175-yr-old Auckland society fights HQ lease

March 7, 2019

175-yr-old Auckland society fights HQ lease

Members of the AHC discussing the latest offer at the Chamberlain Park clubhouse, where they have been based for the past 40 years. From left: Diane Griffin, Lynn Brown, Graham Milne, and Andrea Blinman (out of picture is Jannene Alexander). Photo: Sehej Khurana

Seeds of discontent have been sown over replacement headquarters being offered to a 175-year-old Auckland community group by the local board.

The Auckland Horticultural Council (AHC) says it will fight Albert-Eden Board’s offer of a three-year lease of some rooms in the Western Springs community hall.

AHC’s secretary Diane Griffin says the new offer is not what was originally discussed.

“There was no mention of us only having part of the building,” she said.

The offer allows AHC to occupy the rear rooms of the centre and to rent the hall from the board, where their current annual fee of $575 covers hall usage.

The board has offered to pay the cost of four hours per month for the first year, an estimated $1920.

AHC provides educational resources and hosts events to encourage horticultural and home gardening practice. The hall is the only suitable space for its affiliated clubs’ meetings, presentations and shows.

Even with the refurbishments being offered by the board, Ms Griffin said there is not enough space.

“We would be unable to continue as we are without the hall in our complete control.

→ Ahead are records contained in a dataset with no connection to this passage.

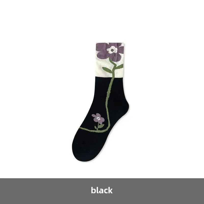 Women's socks autumn and winter New trendy socks tulip flower women's mid-calf socks Japanese three-dimensional women's socks Zhuji
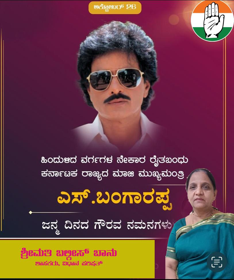 ಕರ್ನಾಟಕದ ಜನಪ್ರಿಯ ಮಾಜಿ ಮುಖ್ಯಮಂತ್ರಿಗಳು, ಹಿಂದುಳಿದ ವರ್ಗದ ಆಶಾಕಿರಣ, ಬಡವರ ಬಂಧು ಧೀಮಂತ ನಾಯಕರಾದ ದಿ || ಎಸ್ ಬಂಗಾರಪ್ಪ ನವರ ಹುಟ್ಟುಹಬ್ಬದ ಗೌರವ ಪೂರ್ವಕ ನಮನಗಳು* ಶಿ.ಜು.ಪಾಶ/Shi.ju.pasha MalenaduExpressOctober 26, 2025 0
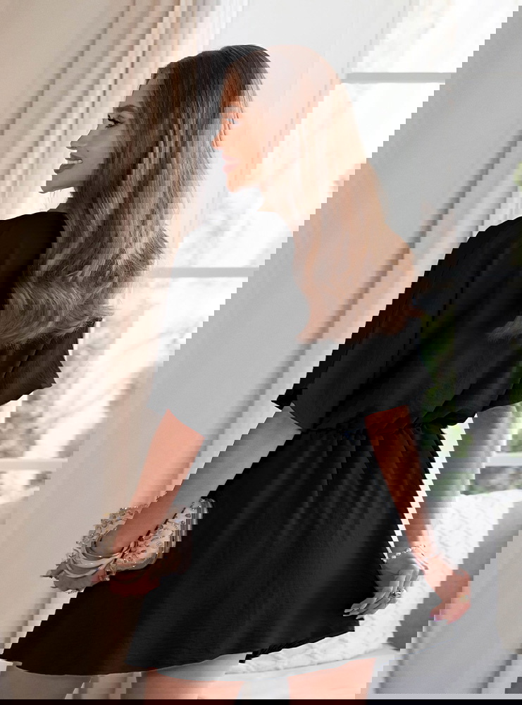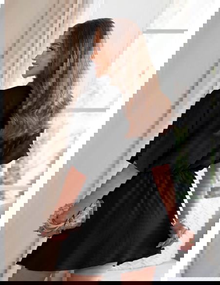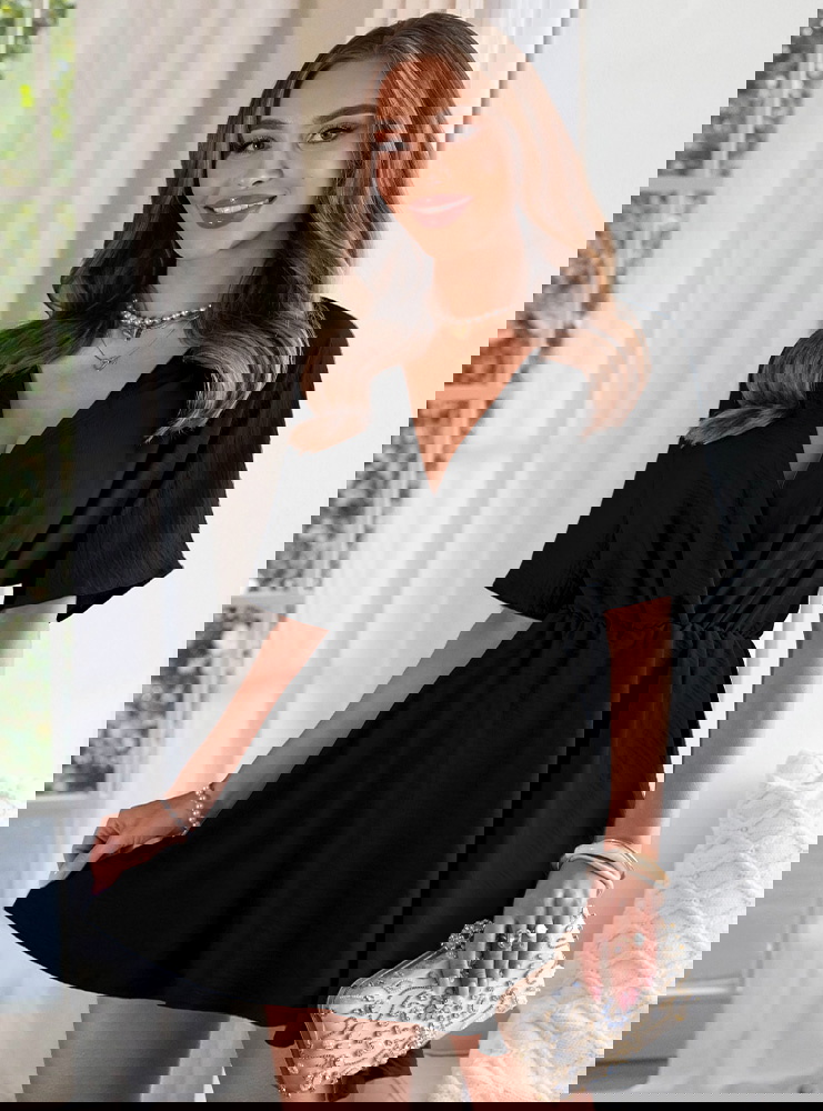 Czarny kombinezon jak sukienka z przekładanym dekoltem Chanisse

What they are offering will not work for us,” she said.

In a statement released by the board, chairperson Peter Haynes said the offer is a good one.

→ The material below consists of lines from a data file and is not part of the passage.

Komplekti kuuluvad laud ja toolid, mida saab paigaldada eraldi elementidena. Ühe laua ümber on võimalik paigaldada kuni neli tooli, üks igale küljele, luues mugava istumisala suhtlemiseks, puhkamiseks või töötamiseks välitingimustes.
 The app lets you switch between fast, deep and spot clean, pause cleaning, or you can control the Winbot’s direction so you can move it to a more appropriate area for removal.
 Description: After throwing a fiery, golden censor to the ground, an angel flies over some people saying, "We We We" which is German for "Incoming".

“We’re spending a lot of money to provide refurbished premises that meet the AHC’s needs and with roughly the same amount of space,” he said.

Mr Haynes said there was never an offer in which the AHC had complete control of the hall.

The negotiations began in late 2015, when AHC were told their premises were identified as the preferred site for a community recycling centre.

AHC and the board planned to work together on the re-homing and the upcoming recycling centre.

Ms Griffin said the board had been unforthcoming and the process had been, “physically and mentally exhausting.”

She said AHC had worked closely with local bodies in the past but that this relationship had eroded.

Mr Haynes said that some members of the AHC had shown a “regrettable and unnecessary” animosity towards the board, though he wants to have a positive and collaborative relationship.

With their current lease of expiring July 31, AHC have pursued legal advice.